═════ SUPPLIED INFORMATION
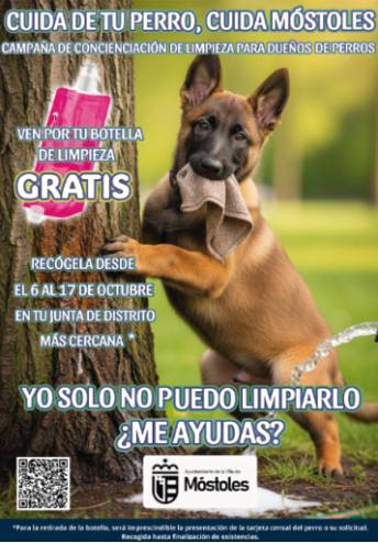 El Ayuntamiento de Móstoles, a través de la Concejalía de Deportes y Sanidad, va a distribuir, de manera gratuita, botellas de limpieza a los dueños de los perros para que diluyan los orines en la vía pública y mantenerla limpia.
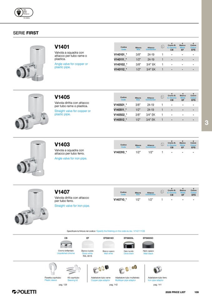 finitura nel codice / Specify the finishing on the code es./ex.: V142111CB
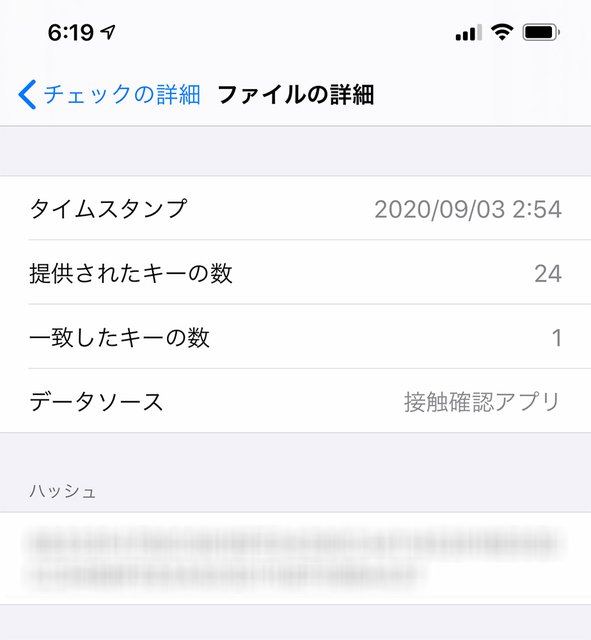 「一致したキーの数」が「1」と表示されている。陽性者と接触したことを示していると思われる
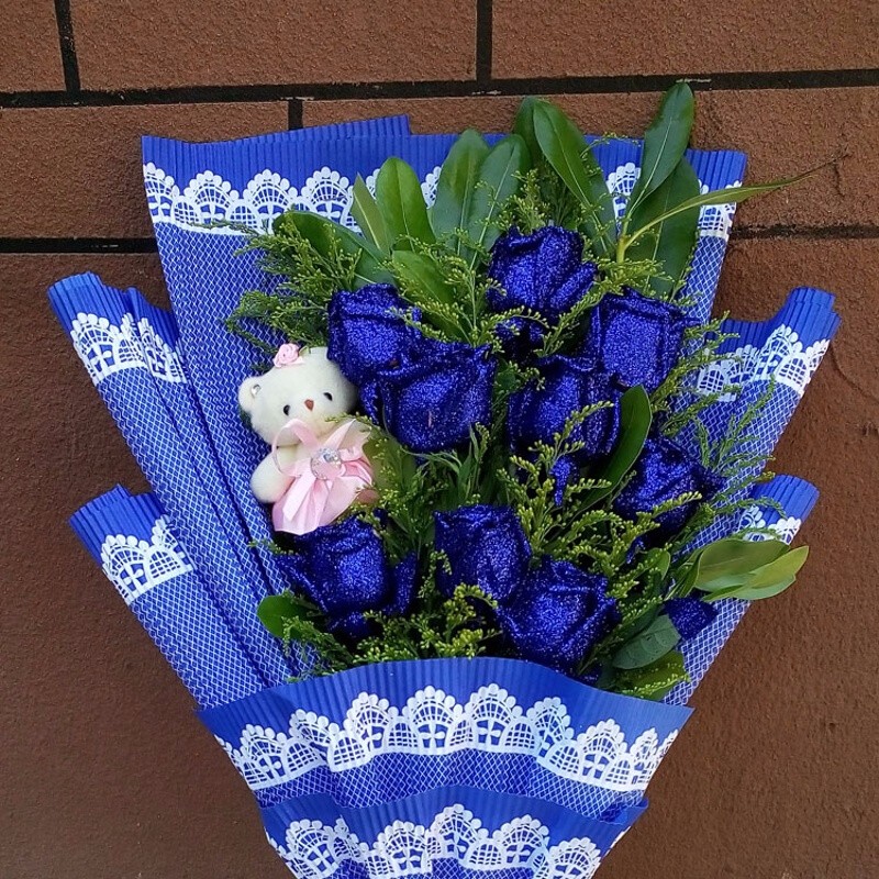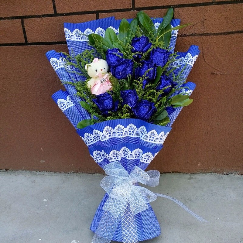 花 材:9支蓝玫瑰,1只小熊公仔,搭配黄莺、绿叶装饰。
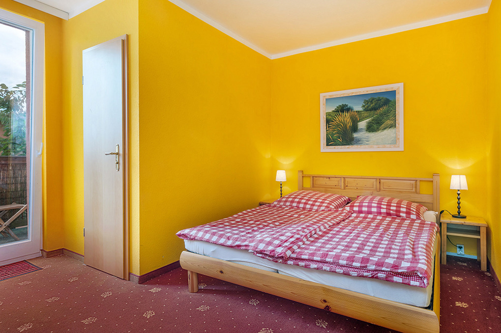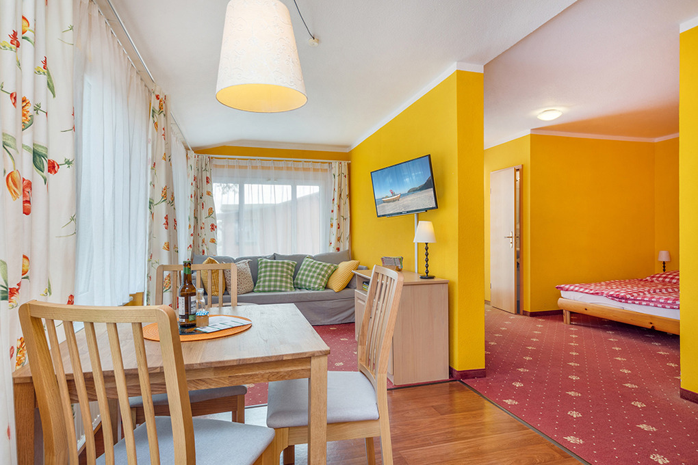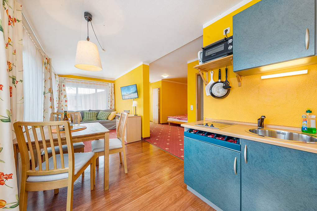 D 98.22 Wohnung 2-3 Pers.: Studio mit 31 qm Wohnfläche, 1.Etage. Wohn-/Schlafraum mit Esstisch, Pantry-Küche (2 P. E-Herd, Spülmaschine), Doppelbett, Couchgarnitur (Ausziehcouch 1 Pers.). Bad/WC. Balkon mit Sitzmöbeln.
══════════
§ DESCRIPTION OF THE TASK:
Copy the records exactly. Skip the images.

§ RESPONSE:
 El Ayuntamiento de Móstoles, a través de la Concejalía de Deportes y Sanidad, va a distribuir, de manera gratuita, botellas de limpieza a los dueños de los perros para que diluyan los orines en la vía pública y mantenerla limpia.
 finitura nel codice / Specify the finishing on the code es./ex.: V142111CB
 「一致したキーの数」が「1」と表示されている。陽性者と接触したことを示していると思われる
 花 材:9支蓝玫瑰,1只小熊公仔,搭配黄莺、绿叶装饰。
 D 98.22 Wohnung 2-3 Pers.: Studio mit 31 qm Wohnfläche, 1.Etage. Wohn-/Schlafraum mit Esstisch, Pantry-Küche (2 P. E-Herd, Spülmaschine), Doppelbett, Couchgarnitur (Ausziehcouch 1 Pers.). Bad/WC. Balkon mit Sitzmöbeln.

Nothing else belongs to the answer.